Ristrutturazione del campo di centrosinistra locale: la scissione o la frattura interna al PD–alleati potrebbe favorire il riemergere di anime alternative: civiche, socialiste, verdi, o di liste indipendenti. Questo ridefinirebbe equilibri e alleanze in vista delle future elezioni, e potrebbe generare instabilità ma anche opportunità di rinnovamento.
Impatto sull’economia e sul tessuto sociale: un’amministrazione debole o in stallo — con progetti infrastrutturali bloccati e incertezze sul porto e su Fincantieri, principale datore di lavoro — rischia di alimentare disoccupazione, scoraggiamento, emigrazione dei giovani, e diminuire l’attrattività turistica.
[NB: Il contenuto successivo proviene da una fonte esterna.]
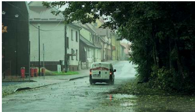
Wkrótce rozpocznie się remont ul. Korycińskiego w Alwerni

W najbliższych dniach ma się rozpocząć modernizacja ul. Korycińskiego w Alwerni. To szosa powiatowa, przecinająca Rynek. Będą utrudnienia w ruchu.
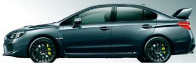
ダークグレー・メタリック
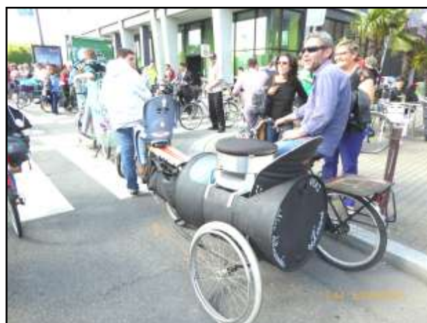
Pas encore disponible au CADRes: la remorque-crêpière !

A noter également que la boutique Vélo Station sise Cour des Maréchaux octroie des rabais sur certaines prestations aux membres de l'association.

Un azzeramento improvviso del sindaco o una sostituzione frettolosa con un candidato “di facciata” potrebbe non risolvere i problemi — anzi rischia di crearne di nuovi:
Perdita di credibilità e frammentazione del centrosinistra: se subentra un candidato “calato dall’alto” o imposto dal partito, senza radicamento locale, si rischia di aprire nuove lacerazioni interne.
Vacanza di potere o instabilità amministrativa: in assenza di una coalizione chiara e coesa, la città potrebbe trovarsi in difficoltà a portare avanti le progettualità (PNRR, trasporti, riqualificazioni).
Aumento del rischio di influenza esterna e opacità: periodi di transizione politica possono essere terreno fertile per interessi opachi, clientelismi, o tentativi di condizionamento — in un territorio già segnato da storie di collusioni criminali.
In definitiva, l’ipotesi che il PD “siluri” Vicinanza appare concreta. Le probabilità sono elevate se emergono nuovi elementi giudiziari o se la frattura interna alla maggioranza non viene ricomposta. Tuttavia, una mossa del genere non è priva di rischi: da un lato potrebbe servire a “salvare” l’immagine del partito e creare spazio per un ricambio; dall’altro rischia di generare instabilità, perdita di fiducia da parte dei cittadini e un’interruzione netta di processi già avviati da mesi.
Se il PD vuole farlo seriamente, è necessario che abbia un piano alternativo chiaro e credibile: un candidato con visione strategica e voglia di investire su infrastrutture, lavoro, trasparenza e rigenerazione urbana — non una semplice “rottamazione di facciata”. Altrimenti, la città rischia di pagare un caro prezzo.